START Information shown

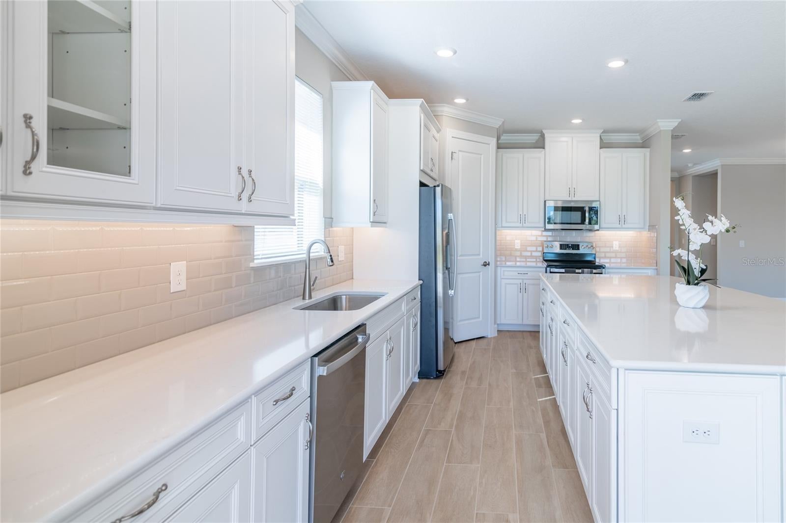 One or more photo(s) has been virtually staged. Want resort style living in a 55+ community but don’t want to wait to build?... Welcome home to this stunning 3-bedroom, 3-full bath home with office in Esplanade at Wiregrass Ranch. This home was completed in 2024 by Taylor Morrison, one of America’s most trusted home builders. Enjoy upgrades that provide functionality, style and comfort in this popular Lazio floor plan such as durable wood-look tile flooring, OVERSIZED KITCHEN ISLAND with STORAGE ON BOTH SIDES, soft-close cabinets, under cabinet lighting, crown molding throughout, tray ceilings, stainless steel appliances, CULLIIGAN WATER SOFTENING SYSTEM W/ DUAL TANKS, 2 UV LIGHT HVAC, dampers on all AC vents to control air flow, LARGER MASTER CLOSET, 8’ LONG SHOWER with multiple spray heads, upgraded bay window expansion in master bedroom and guest room, plus a $25,000 OUTDOOR KITCHEN FIT WITH GRILL, SINK AND REFRIGERATOR. The large 3-CAR GARAGE leaves plenty of space for a golf cart. This home is located in an established part of Esplanade with minimal to no construction around. The spacious 62ft lot is on a cul-de-sac backing up to HOA conservation area with plenty of room for a pool. Enjoy low-maintenance living with services that include lawn care, reclaimed water, cable/internet and trash pick-up. You will feel you are always on vacation with the stunning resort-style pool and spa, 24/7 gym, tennis, pickleball and bocce ball courts billiard/card room, spa, concierge services for travel and pets, curated activities such as wine tastings and culinary events and plenty of clubs to join to bring neighbors together. Esplanade at Wiregrass is close to top hospitals and medical facilities, the Shops of Wiregrass, Premium Outlets and restaurants. Less than hour commute to the Tampa International airport, this home and community offer a lifestyle of convenience, flexibility and luxury.
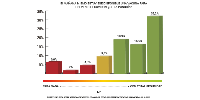 El estudio pone de manifiesto que un 32% de la población se muestra reticente a recibir vacunas contra COVID-19 por reticencias relacionadas con la rapidez de la investigación y no desean ser los primeros en vacunarse, mientras que un 12,7% manifiesta temer efectos negativos para su salud.Sin embargo, la confianza en las vacunas en general sigue siendo alta entre la población española, en línea con estudios previos a la pandemia: la gran mayoría de los españoles considera que las vacunas son eficaces para prevenir enfermedades (tan solo un 4,4% se muestra en desacuerdo) y que son seguras (6% en desacuerdo).
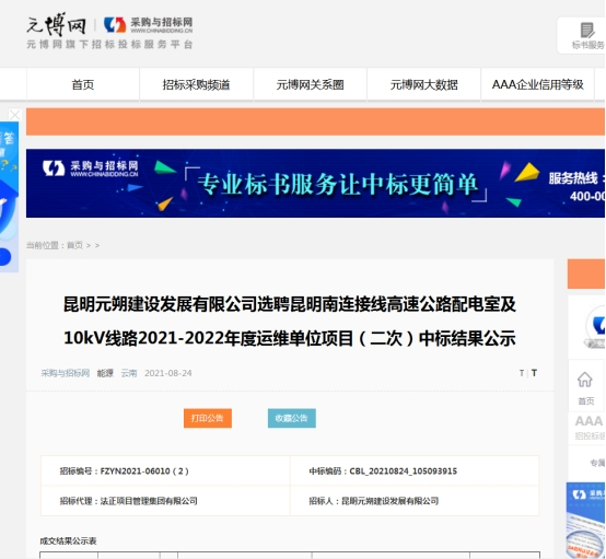 昆明元朔建设发展有限公司选聘昆明南连接线高速公路配电室及10kV线路2021-2022年度运维单位项目(二次)中标结果公示

END Information shown

__Activity__
Every line in the data above needs to be given again exactly, pictures aside.

__Response below__
 One or more photo(s) has been virtually staged. Want resort style living in a 55+ community but don’t want to wait to build?... Welcome home to this stunning 3-bedroom, 3-full bath home with office in Esplanade at Wiregrass Ranch. This home was completed in 2024 by Taylor Morrison, one of America’s most trusted home builders. Enjoy upgrades that provide functionality, style and comfort in this popular Lazio floor plan such as durable wood-look tile flooring, OVERSIZED KITCHEN ISLAND with STORAGE ON BOTH SIDES, soft-close cabinets, under cabinet lighting, crown molding throughout, tray ceilings, stainless steel appliances, CULLIIGAN WATER SOFTENING SYSTEM W/ DUAL TANKS, 2 UV LIGHT HVAC, dampers on all AC vents to control air flow, LARGER MASTER CLOSET, 8’ LONG SHOWER with multiple spray heads, upgraded bay window expansion in master bedroom and guest room, plus a $25,000 OUTDOOR KITCHEN FIT WITH GRILL, SINK AND REFRIGERATOR. The large 3-CAR GARAGE leaves plenty of space for a golf cart. This home is located in an established part of Esplanade with minimal to no construction around. The spacious 62ft lot is on a cul-de-sac backing up to HOA conservation area with plenty of room for a pool. Enjoy low-maintenance living with services that include lawn care, reclaimed water, cable/internet and trash pick-up. You will feel you are always on vacation with the stunning resort-style pool and spa, 24/7 gym, tennis, pickleball and bocce ball courts billiard/card room, spa, concierge services for travel and pets, curated activities such as wine tastings and culinary events and plenty of clubs to join to bring neighbors together. Esplanade at Wiregrass is close to top hospitals and medical facilities, the Shops of Wiregrass, Premium Outlets and restaurants. Less than hour commute to the Tampa International airport, this home and community offer a lifestyle of convenience, flexibility and luxury.
 El estudio pone de manifiesto que un 32% de la población se muestra reticente a recibir vacunas contra COVID-19 por reticencias relacionadas con la rapidez de la investigación y no desean ser los primeros en vacunarse, mientras que un 12,7% manifiesta temer efectos negativos para su salud.Sin embargo, la confianza en las vacunas en general sigue siendo alta entre la población española, en línea con estudios previos a la pandemia: la gran mayoría de los españoles considera que las vacunas son eficaces para prevenir enfermedades (tan solo un 4,4% se muestra en desacuerdo) y que son seguras (6% en desacuerdo).
 昆明元朔建设发展有限公司选聘昆明南连接线高速公路配电室及10kV线路2021-2022年度运维单位项目(二次)中标结果公示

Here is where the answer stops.